3. Keep only the rows where “THIRD” equals 1 or 3.
4. Find the answer to the question: Which producer was able to increase their sales the most when you compare 1st and 3rd THIRD?
5. Create the chart on your own choice.

  • Show the top-7 producers by sales growth
  • On top of the each bar, show the value of the bar
  • Color the bars by their values
  • Name the x and y axis logically

6. Copy your results to MS Word or Google sheets and analyze the results in 100-200 words.

Task 2

You have the data about SP500 stock index and different variables that show the current business climate. Your have to create a machine learning model that is able to predict the “label” variable. The label shows whether we should currently be in the market or not. You’ll see that you don’t have labels for year 2015. Your aim is to predict these labels.
1. Download the data here and the description of variables here.
2. Try to understand what data you have. Use google, if needed.
3. Create a machine learning model (or models) to predict the label based on other variables.
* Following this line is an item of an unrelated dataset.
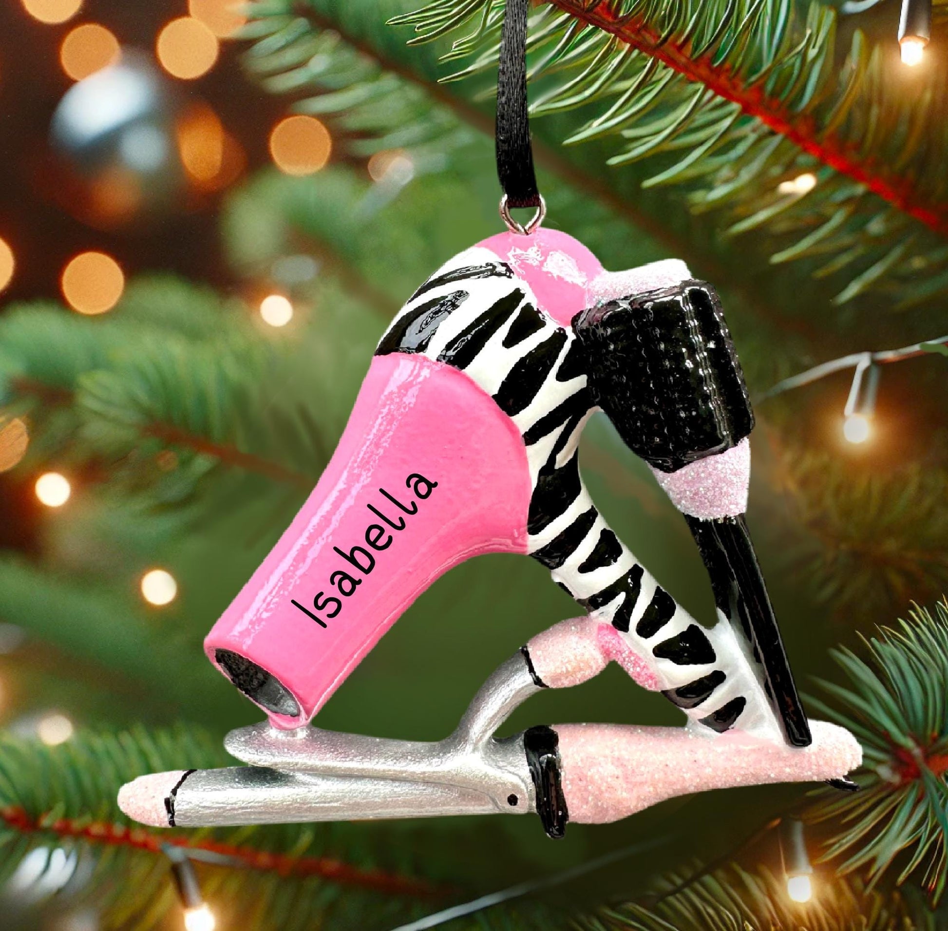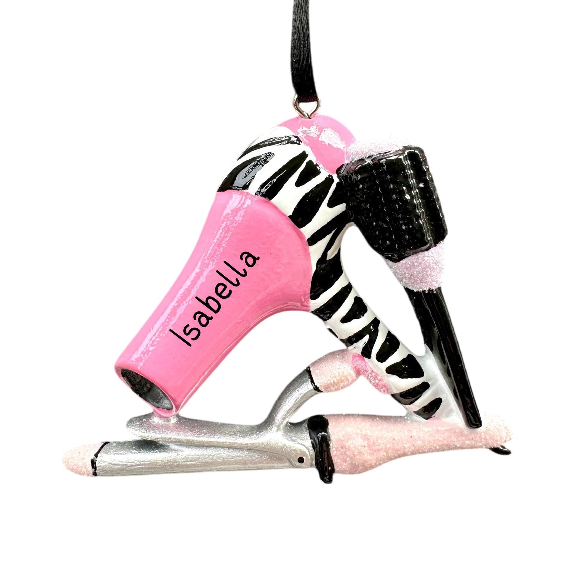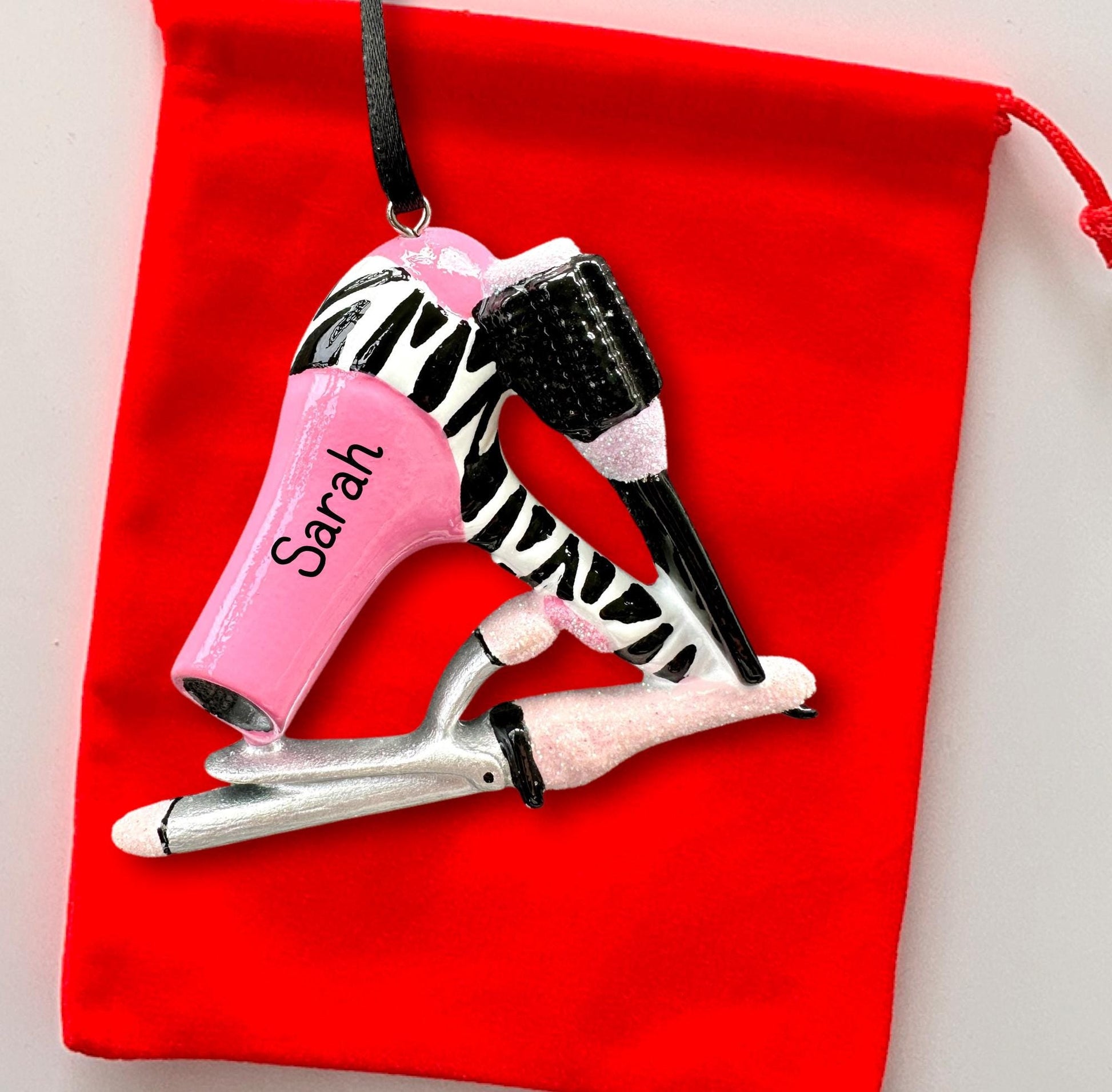 Celebrate the passion for hairstyling with this fabulous Hairdresser Ornament! Perfect for a newly qualified hairstylist, a hairdressing student, or simply someone who adores all things pink and glam, this ornament features a cute pink zebra-patterned hairdryer, curling iron, and brush combo that brings a touch of style to any Christmas tree.

Try to select the model which allows you to argument about the importance of different variables and to interpret the results of the model. NB! Don’t use the value of SP500 for prediction.
4. Create a confusion matrix for your results. Copy it to the text file (your Google sheet or Word) and explain what you see.
5. In text file, explain what variables are the most important ones.
6. Predict the labels for 2015. Copy the results to the text file and explain in 150-200 words whether we should have been in the market or not.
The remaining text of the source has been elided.